De drie stadia van psycho-seksuele ontwikkeling, dwz de orale, anale en de fallische stadia worden de pregenitale periode genoemd. Zoals reeds besproken, is het seksuele instinct tijdens de prege-de-periode niet gericht op reproduceren.

Na de onderbreking door de latentietijd begint de seksuele insuptie zich te ontwikkelen met het doel van reproductie. De adolescenten beginnen aantrekkelijk te zijn voor de leden van het andere geslacht. Deze aantrekkingskracht culmineert uiteindelijk in seksuele vereniging. Dit staat bekend als de genitale fase die begint met het begin van de puberteit. Er is een geleidelijke opleving van orale, anale en fallische belangen met meer en meer volwassenheid. Maar geleidelijk verandert de fallische interesse in genitale interesse die minder infantiel is dan die van de fallische fase. In dit stadium staat de maatschappij de echte uitwegen van de seksuele drang toe. Interesse in vuile moppen maakt deel uit van het proces van de adolescentie. De eerste liefdesaffaires blijven fallisch in plaats van echt genitaal van aard. Het is meer van liefde dan van seks.

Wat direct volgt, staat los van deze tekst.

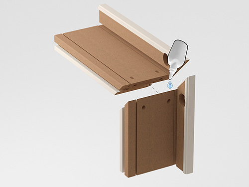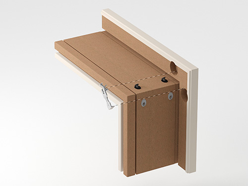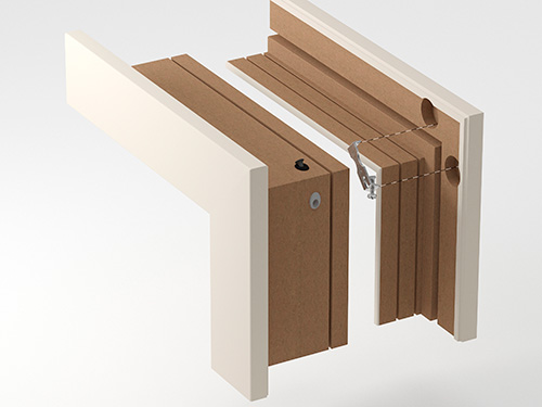 Соединение коробки и наличника осуществляется при помощи немецких комплектующих: шкантов, фиксирующей скобы и специальных металлических клипс, что полностью исключает смещение частей конструкции относительно друг друга во время установки и эксплуатации.

De genitale fase wordt sterk gekenmerkt door objectkeuzes in plaats van door narcisme. Het is een periode van socialisatie, groepsactiviteiten, huwelijk, het vestigen van een huis en het grootbrengen van een gezin, het ontwikkelen van interesses op het gebied van beroepsopleiding en andere verantwoordelijkheden voor volwassenen. Het is de langste van de 4 fasen van 12 tot 20 jaar.